Addenda:
Addenda:
The Medical Director of a Transfusion Service received a request to start a therapeutic phlebotomy regimen for a patient in the fifth decade of life with alpha-thal/HbH and hemochromatosis. The patient is not transfusion-dependent, has a mild anemia (Hgb 11), and ferritin about 1000 ng/ml.
The transfusion service physician wonders if phlebotomy even makes sense, since it would stimulate erythropoiesis which would result in accelerated hemolysis and contribute to hemochromatosis. The supposition is that the hemolysis is on-going and of low intensity, and removing the red cells before hemolysis could reduce the iron overload.

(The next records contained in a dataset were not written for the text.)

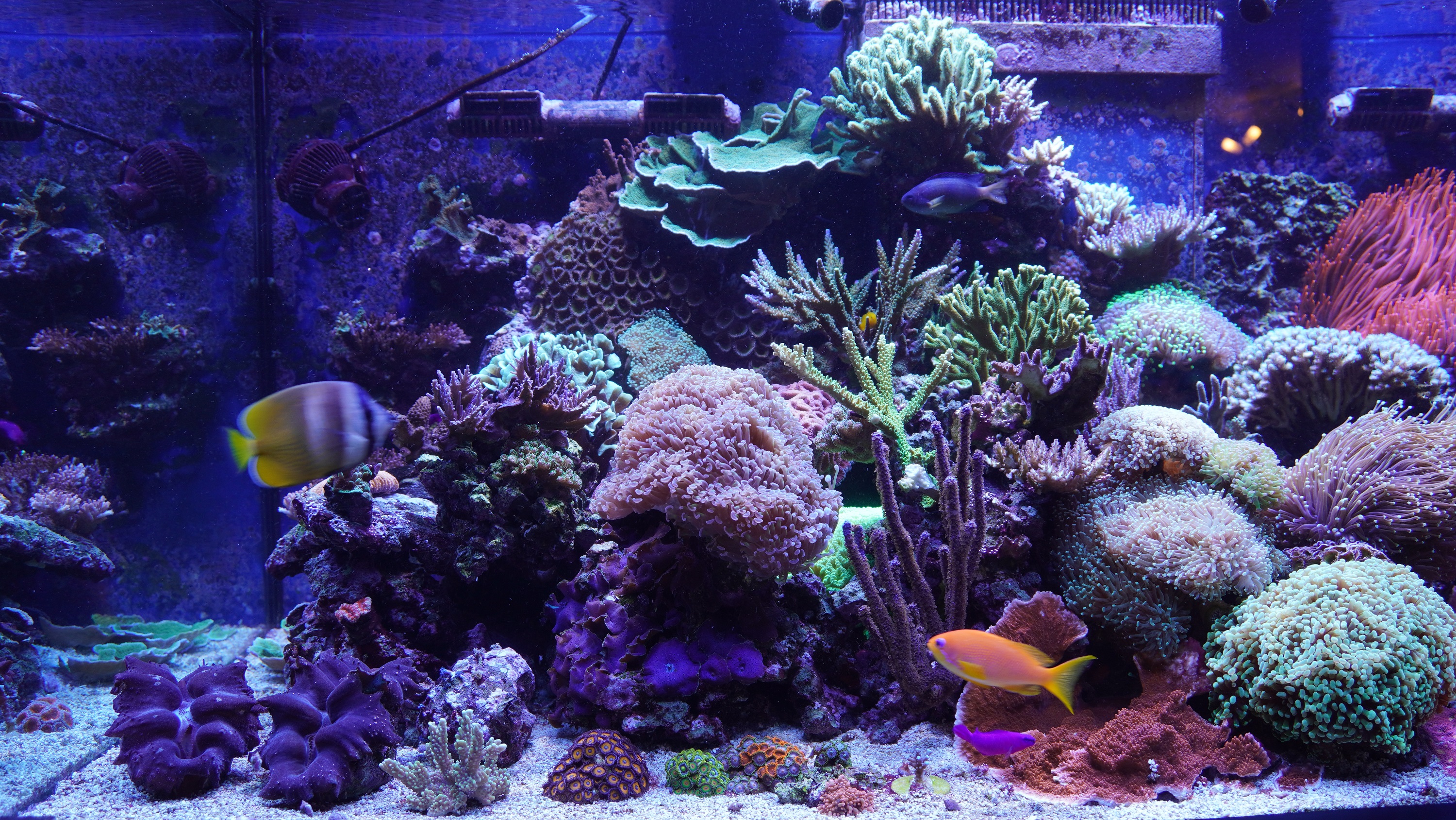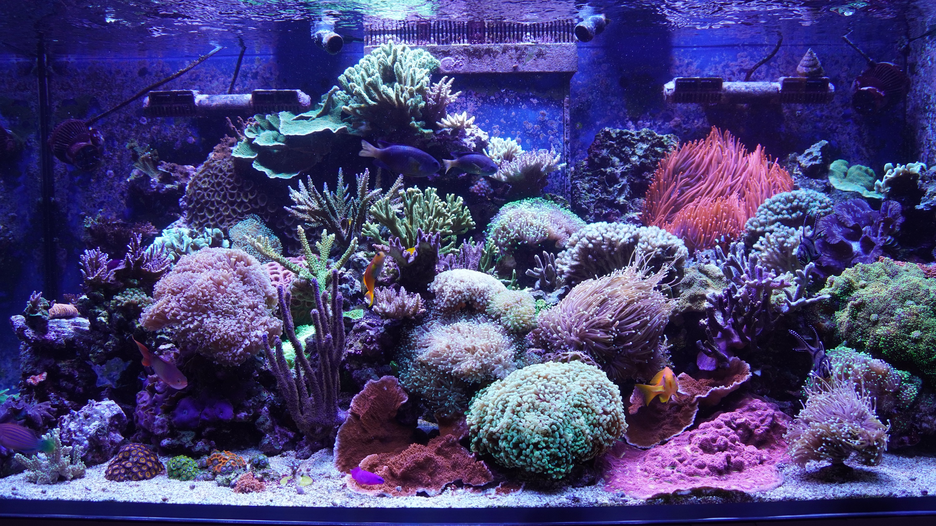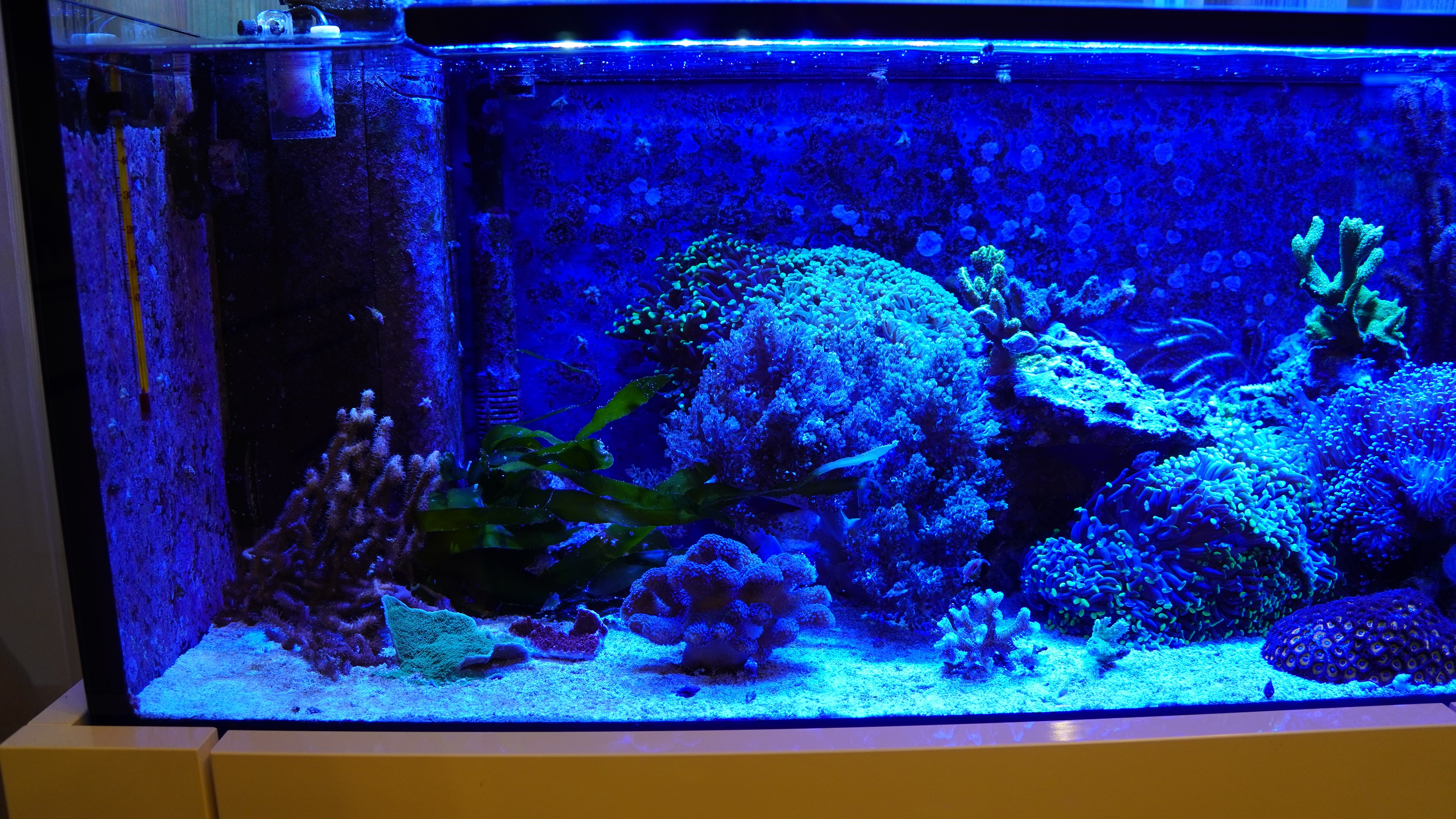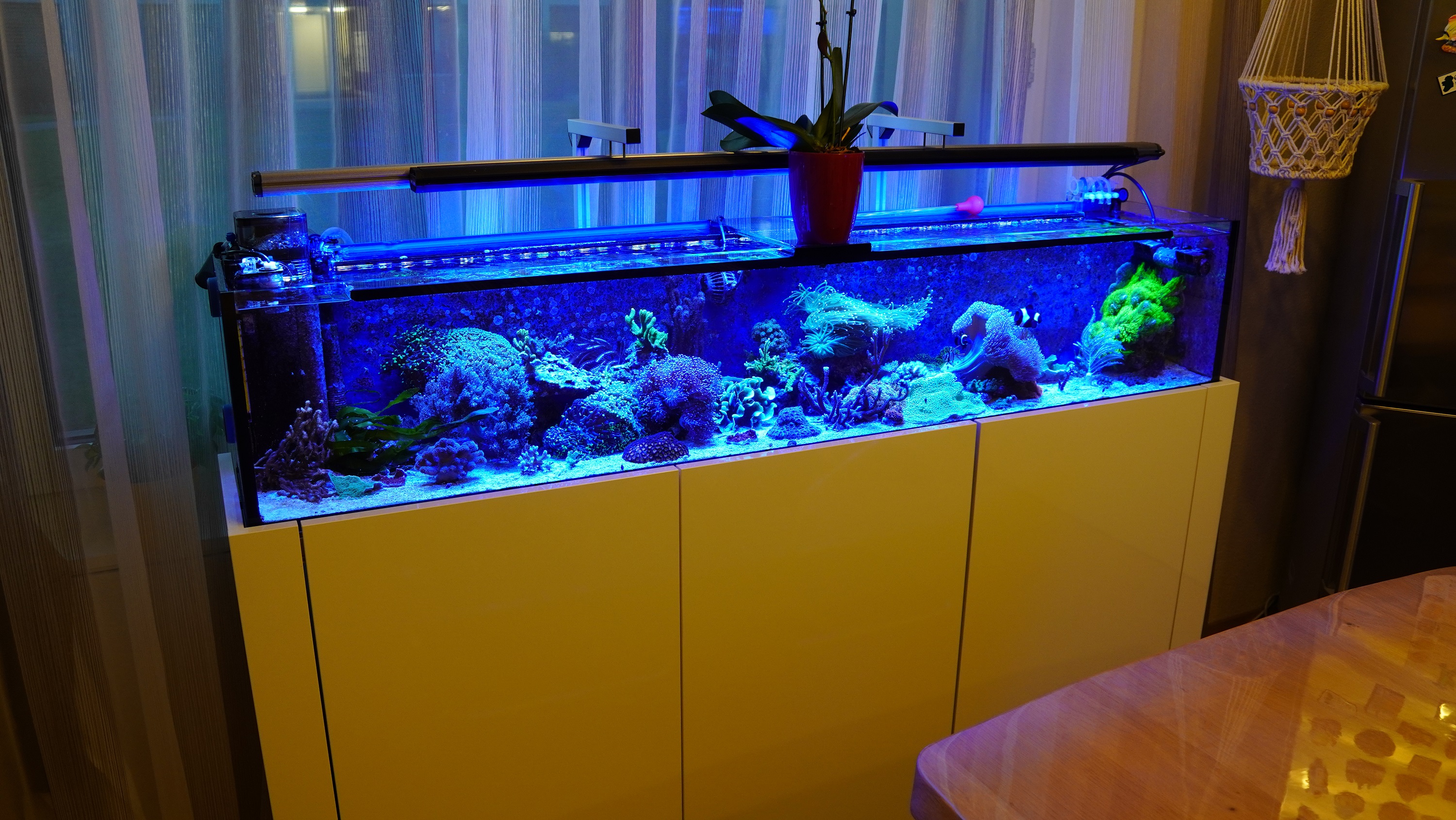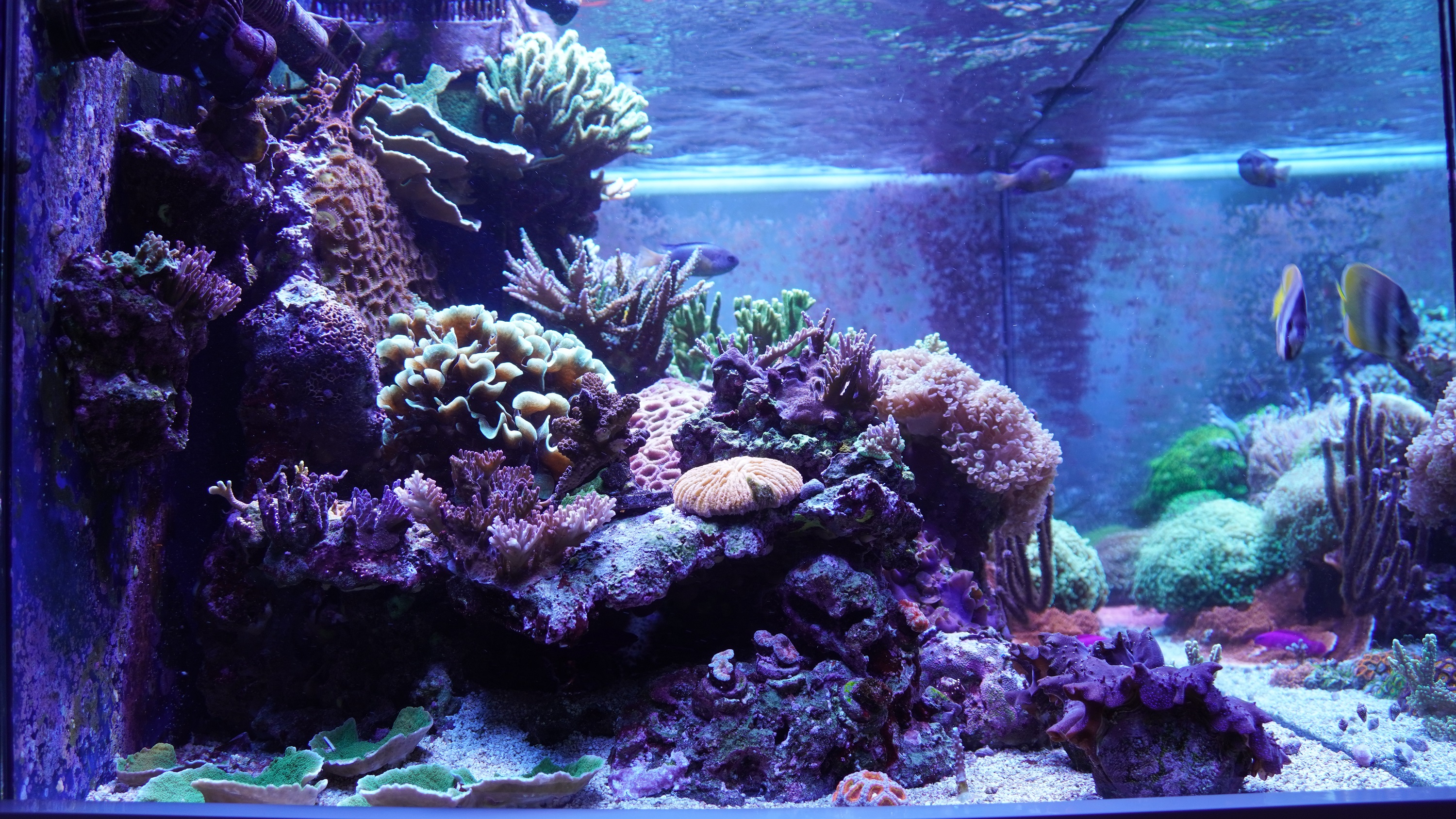 wie gestern angekündigt stelle ich euch mal kurz meine beiden Becken vor. Das grössere Becken mit fast 600 L steht im Wohnzimmer und das kleinere Becken mit ca. 140L steht im Esszimmer. Bei beiden Becken handelt es sich um ein Riff-Mischbecken.
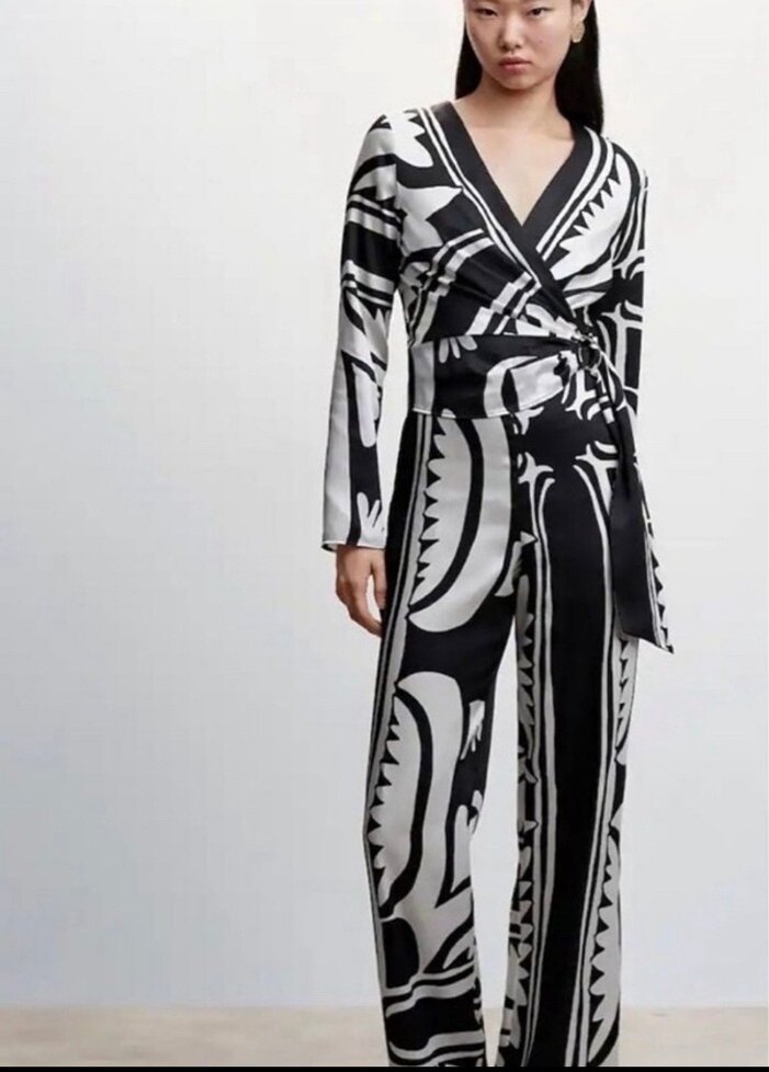 Uzun, salaş kesimli ve drapeli kadın tulumu, V yaka ve ipeksi kumaşla siyah gri zebra deseni taşır. Günlük kullanıma uygundur.
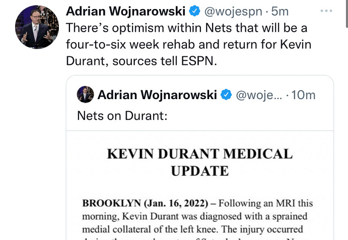 来源:24直播网01-17 11:4624直播网01月17日讯 ,篮网官宣布了杜兰特的伤情,膝盖MRI检测结果,显示杜兰特遭遇了左膝内侧副韧带扭伤,将会缺席一段时间。很快名记就透露,称内部乐观认为,杜兰特将在4-6周的康复治疗后复出。也就是说,杜兰特的伤病恢复,至少需要4-6周的时间,这期间他将无缘比赛。
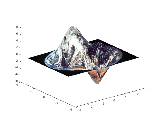 surface(pX,pY,pZ,X,'FaceColor','texturemap', ... 'EdgeColor','none','CDataMapping','direct') colormap(map) view(3)
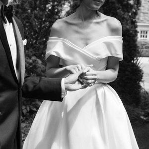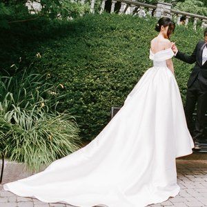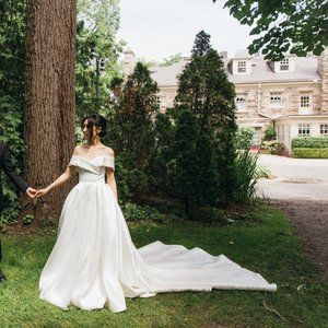 This wedding gown is what dreams are made of. After trying 50+ dresses across different boutiques in Canada from Vera Wang, to Berta, to Galia Lahav, this gown was the clear winner. I absolutely fell in love with the modern feel and contemporary cuts of Milla Nova. I bought this for ~$3500 CAD after taxes and fees. It is made from royal mikado, with off-the-shoulders bodice and a grand train that is such a statement maker! I love that it also has hidden side-seams pockets - because no bride is wearing a purse on their wedding day! You really don't have to compromise on beauty, grace, drama, or function with this one.

A PubMed search found one case report discussing phlebotomy to treat beta-thal with hemochromatosis (De Gobbi. Haematologica 2000;85:865-7). All other articles found discussing the treatment of secondary hemochromatosis in thalassemia recommend chelation therapy, not phlebotomy.
Does anyone have thoughts/experience in phlebotomy to treat secondary hemochromatosis in thalassemia or other congenital hemolytic anemia?
From the Editors: We agree with the poster that there is very little published on this topic and what little is published suggests that these situations often arise out of a misguided attempt to "correct" the thalassemia by giving iron. We also agree that chelation seems more appropriate than phlebotomy given that the defect is enhanced iron absorption.